» **Data for this task**:

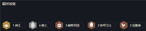 阵容的可替换性比较强,早期可以用破败军团打工,后期全换成其他体系。德莱文的体系单核主要是保德莱文,所以跟骑士、铁甲卫士一类有坦度的羁绊英雄可以多上一些,恰好骑士英雄非常的多,可替换性非常强,所以拼系的羁绊就根据实际上牌情况来调整即可。
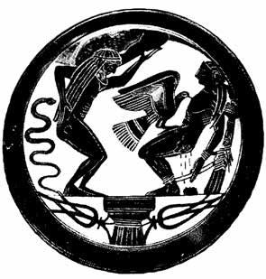 Атлант и Прометей, которого терзает орел. Фрагмент росписи чернофигурного лаконского килика. Ок. 550 до н. э.
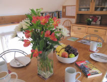 Koselig hus "Barnaby". I en roligt, solrikt posisjon, i det grønne. Fellesbruk: hage med plen. Lekeplass. Privat: hage med plen. Boblebad, sitteplass, hagemøbler, parkering ved hbrukt. Butikk 2 km, daglivarehandel 1 km, restaurant 1 km, bar 3 km, sandstrand "Aberystwyth" 43 km. Golfbane(9 hull) 13 km. Attraksjoner i nærheten: Vale of Rheidol Steam Railway 27 km, Devil's Bridge Waterfalls 28 km, Llandrindod Wells Springs & Lake 30 km, Snowdonia National Park 50 km. Vennligst merk: bil anbefales. Utendørs trening og fotturer i flate områder er en favoritt tidsfordriv her.Interior
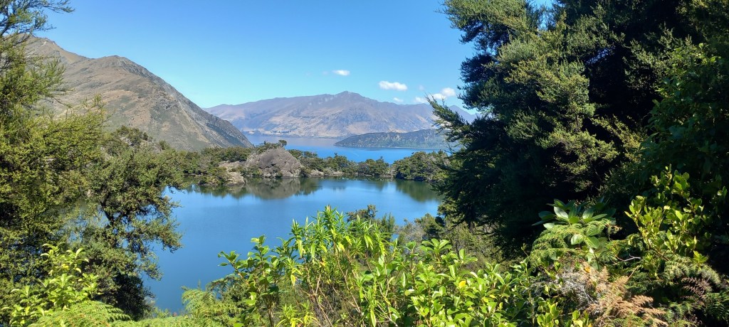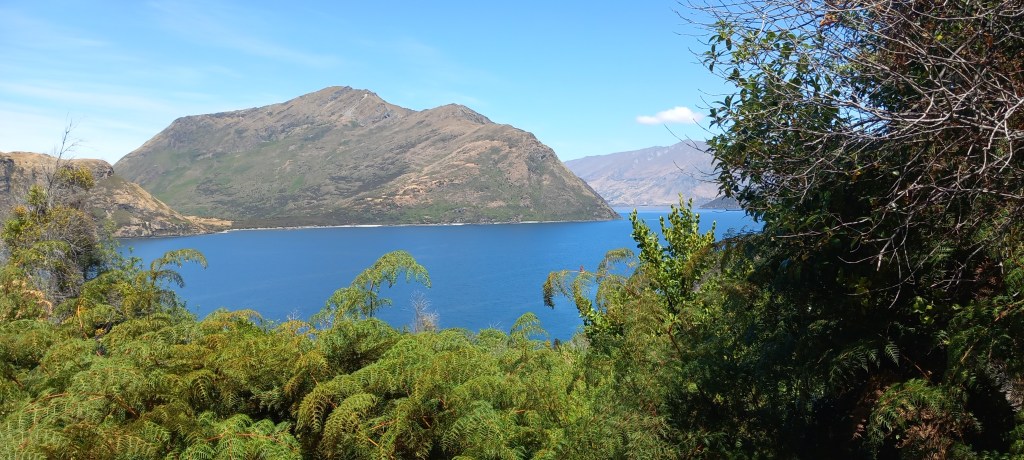 Stewart Island: Thirty kilometres south of the mainland is New Zealand’s third largest island. Again, we were thankful for calm, sunny weather for the hour’s ferry crossing of the Foveaux Strait. More than 80% of the island is National Park, whilst the tiny population of 400 residents live in and around Oban. Our travel agent (Audley Travel) excelled themselves with the Stewart Island accommodation! Just look at the views from our bedroom across the Paterson Inlet!!
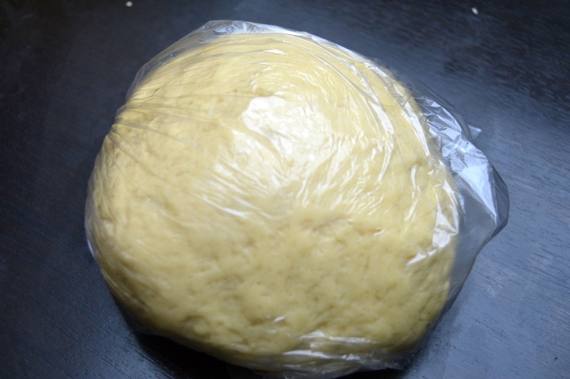 4. Owiń ciasto folią spożywczą i pozwól odpocząć przez 20-30 minut. W tym czasie stanie się bardziej elastyczne, łatwiej będzie je rozwałkować i rozciągać.
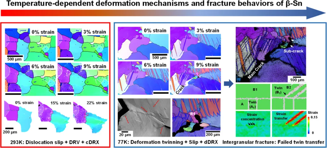 Sn基焊料是电子封装中关键连接材料,但随着现代电子系统的快速发展,其应用场景也逐渐扩展,但Sn基焊料在深冷温度下的力学可靠性成为电子系统的重要限制因素。β-Sn具有较低的熔点(505 K),在室温下,β-Sn能够通过位错滑移、动态回复和连续动态再结晶(cDRX)展现出优异的延展性,但一旦温度继续降低至77 K,塑性会骤然下降,表现出典型的脆性断裂行为。
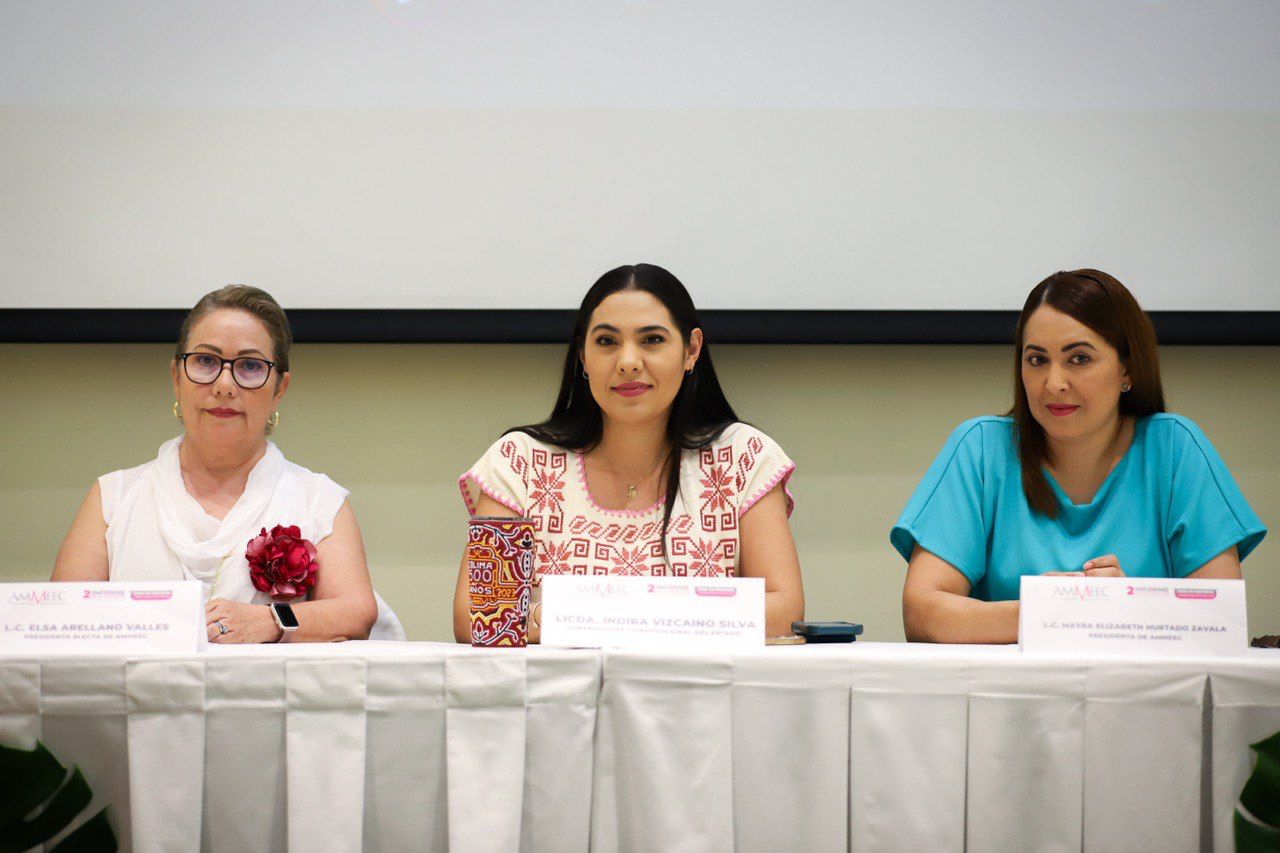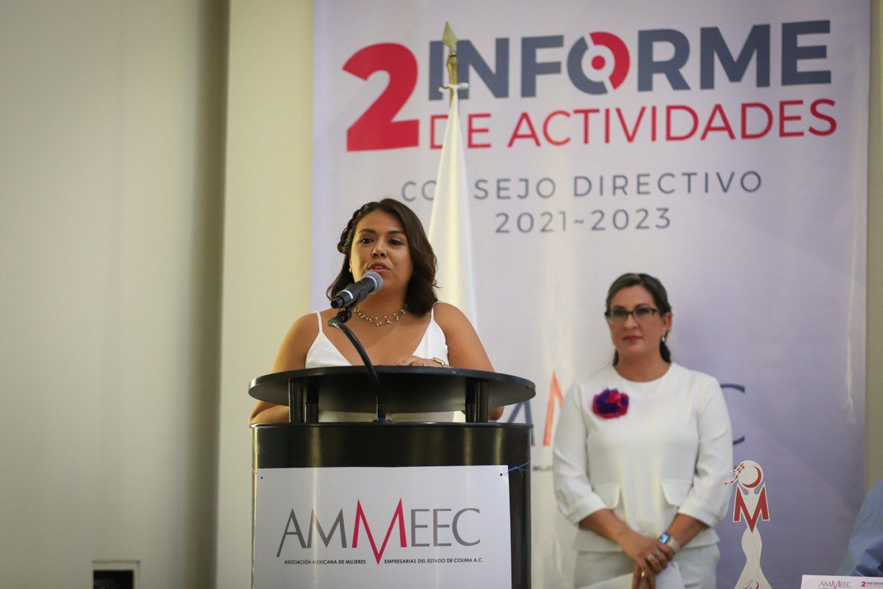 La gobernadora Indira Vizcaíno Silva asistió este jueves al segundo informe de actividades de la Asociación Mexicana de Mujeres Empresarias del Estado de Colima (AMMEEC) y toma de protesta del nuevo Consejo Directivo (periodo 2023-2025); reiteró su compromiso de impulsar a las mujeres en todos los ámbitos, ” nos hace mucho sentido y mucha ilusión impulsar el desarrollo de las mujeres empresarias”.

» **Problem requirements**: Give every line of the records above again, exactly, and omit the pictures.

» **Answer area**:
 阵容的可替换性比较强,早期可以用破败军团打工,后期全换成其他体系。德莱文的体系单核主要是保德莱文,所以跟骑士、铁甲卫士一类有坦度的羁绊英雄可以多上一些,恰好骑士英雄非常的多,可替换性非常强,所以拼系的羁绊就根据实际上牌情况来调整即可。
 Атлант и Прометей, которого терзает орел. Фрагмент росписи чернофигурного лаконского килика. Ок. 550 до н. э.
 Koselig hus "Barnaby". I en roligt, solrikt posisjon, i det grønne. Fellesbruk: hage med plen. Lekeplass. Privat: hage med plen. Boblebad, sitteplass, hagemøbler, parkering ved hbrukt. Butikk 2 km, daglivarehandel 1 km, restaurant 1 km, bar 3 km, sandstrand "Aberystwyth" 43 km. Golfbane(9 hull) 13 km. Attraksjoner i nærheten: Vale of Rheidol Steam Railway 27 km, Devil's Bridge Waterfalls 28 km, Llandrindod Wells Springs & Lake 30 km, Snowdonia National Park 50 km. Vennligst merk: bil anbefales. Utendørs trening og fotturer i flate områder er en favoritt tidsfordriv her.Interior
 Stewart Island: Thirty kilometres south of the mainland is New Zealand’s third largest island. Again, we were thankful for calm, sunny weather for the hour’s ferry crossing of the Foveaux Strait. More than 80% of the island is National Park, whilst the tiny population of 400 residents live in and around Oban. Our travel agent (Audley Travel) excelled themselves with the Stewart Island accommodation! Just look at the views from our bedroom across the Paterson Inlet!!
 4. Owiń ciasto folią spożywczą i pozwól odpocząć przez 20-30 minut. W tym czasie stanie się bardziej elastyczne, łatwiej będzie je rozwałkować i rozciągać.
 Sn基焊料是电子封装中关键连接材料,但随着现代电子系统的快速发展,其应用场景也逐渐扩展,但Sn基焊料在深冷温度下的力学可靠性成为电子系统的重要限制因素。β-Sn具有较低的熔点(505 K),在室温下,β-Sn能够通过位错滑移、动态回复和连续动态再结晶(cDRX)展现出优异的延展性,但一旦温度继续降低至77 K,塑性会骤然下降,表现出典型的脆性断裂行为。
 La gobernadora Indira Vizcaíno Silva asistió este jueves al segundo informe de actividades de la Asociación Mexicana de Mujeres Empresarias del Estado de Colima (AMMEEC) y toma de protesta del nuevo Consejo Directivo (periodo 2023-2025); reiteró su compromiso de impulsar a las mujeres en todos los ámbitos, ” nos hace mucho sentido y mucha ilusión impulsar el desarrollo de las mujeres empresarias”.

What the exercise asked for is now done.